Hyundai Kia and the Wage Freeze Issue

This past week the Korean press has addressed both sides of the Hyundai-Kia labor wage issue. As I've noted, it's been a carefully watched topic for months, which has surfaced in heated debate with this week's wage freeze announcements by Hyundai Kia top management.

This Chosun Ilbo editorial cites concerns from a Korea perspective... (you may wish to look at Businessweek's take on the issue, although I don't entirely agree with BW....controlling the union is still a huge issue.)


Chosun Ilbo
Some 11,000 managerial staff with Hyundai Motor and affiliate Kia Motors have voluntarily agreed to a salary freeze this year. Their decision encouraged officials at other subsidiaries of the Hyundai Automotive Group to announce a wage freeze, led by top executives including chairman Chung Mong-koo.

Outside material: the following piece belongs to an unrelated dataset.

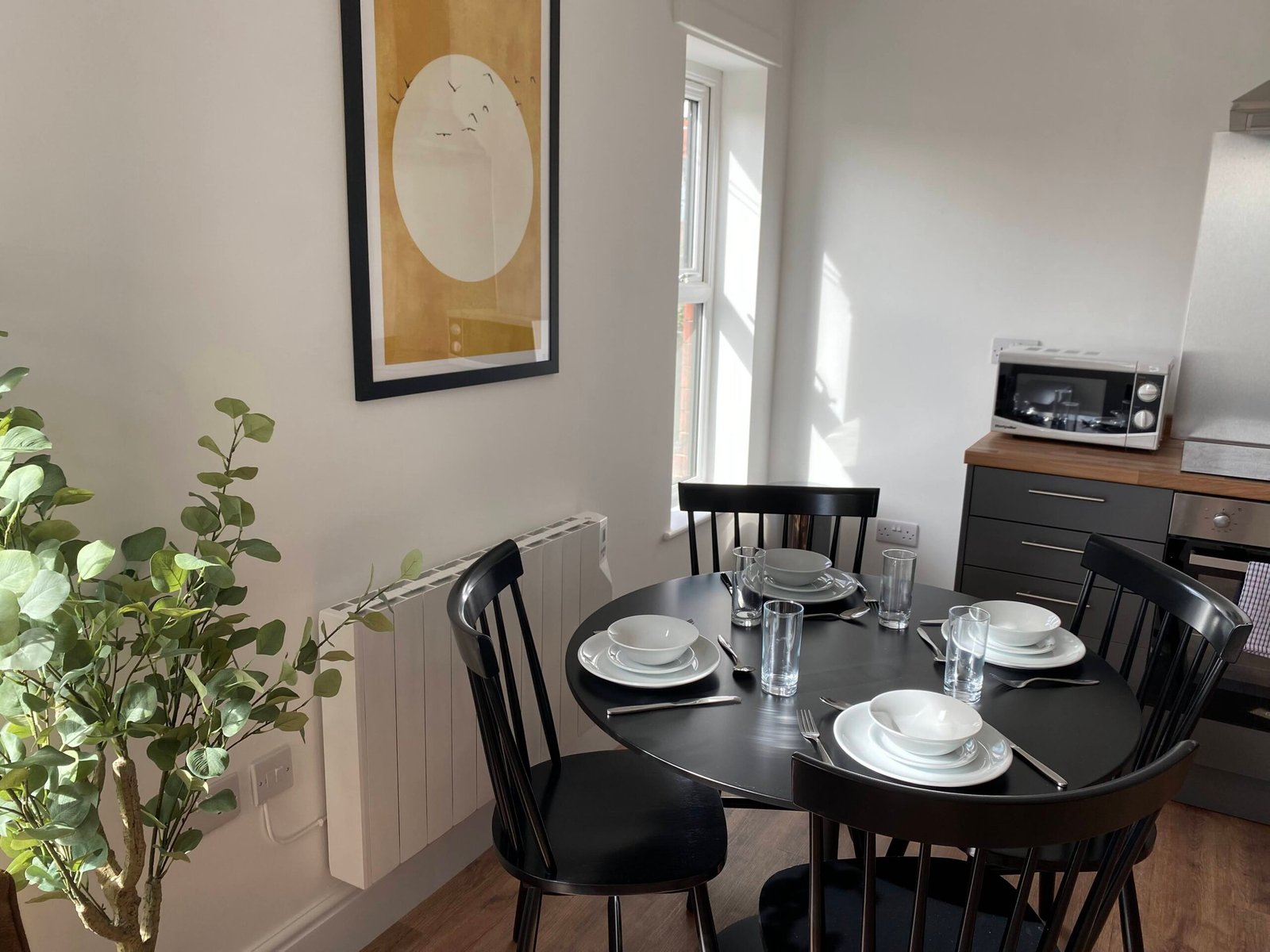 Each serviced accommodation features spacious living areas, modern furnishings, and fully equipped kitchens designed for short or extended stays. Guests enjoy high-speed Wi-Fi, smart TVs, and premium bedding that ensures restful nights. The open-plan layout offers plenty of natural light, creating a relaxing and homely atmosphere. Moreover, each of these self-catering accommodations in Nottinghamshire has a full size kitchen allowing you to cook your own meals. Benefit from essential appliances including ovens, microwaves, fridges, and washing machines, making them ideal for both business and leisure stays.

Hyundai Motor has been accused of passing losses caused by the falling U.S. dollar against the won on to its 2,000 suppliers, most of them small and medium-sized companies, by demanding that they reduce the prices of auto parts by 10 percent on average. The company says that is inevitable if it is to stay afloat since the falling dollar and high oil and raw material prices are threatening the company'’s profitability.

A closer look at the company's situation reveals why it feels so anxious. Even though it recorded its highest ever profits last year, operating profits from production and exports declined by as much as 30 percent from 2004. The operating margin, which stood at 8-9 percent until a few years ago, dropped to 5.1 percent, and sales, which had been rising for the last seven years, also decreased for the first time last year.

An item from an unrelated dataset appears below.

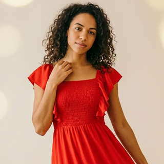 Vestido midi manga curta botões e elástico 51133

More seriously, the global car market is saturated. While the number of cars sold is barely increasing, the entry of China and India into the market is raising global manufacturing capacity to some 24 million cars in excess of demand. This is why carmakers such as General Motors and Ford are tightening their belts, closing down many factories and laying off tens of thousands of workers.

Hyundai Motor is losing ground in the competition to develop future products like hybrid cars. Toyota, GM and Ford are investing three times as much in research and development as Hyundai and Honda twice as much to develop hybrid models.

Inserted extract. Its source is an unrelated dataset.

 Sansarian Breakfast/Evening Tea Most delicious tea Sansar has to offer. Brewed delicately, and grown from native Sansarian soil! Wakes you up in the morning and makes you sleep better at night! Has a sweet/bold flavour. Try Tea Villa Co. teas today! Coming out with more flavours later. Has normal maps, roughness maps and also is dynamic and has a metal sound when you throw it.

The carmaker'’s trade union, which has gone on strike almost every year, needs to sit down with the company and think about how they can survive the competition together. The most important factor is building trust between the two sides. Toyota was able to do business without strikes for 50 years and froze wages for a record five years because its union and management remain in constant dialogue.

That is why Hyundai management needs to heed union complaints that it is unilaterally pressuring workers by announcing the salary freeze for managers without consulting them first. It could also consider alternatives to an unconditional freeze, such as offering performance-related bonuses.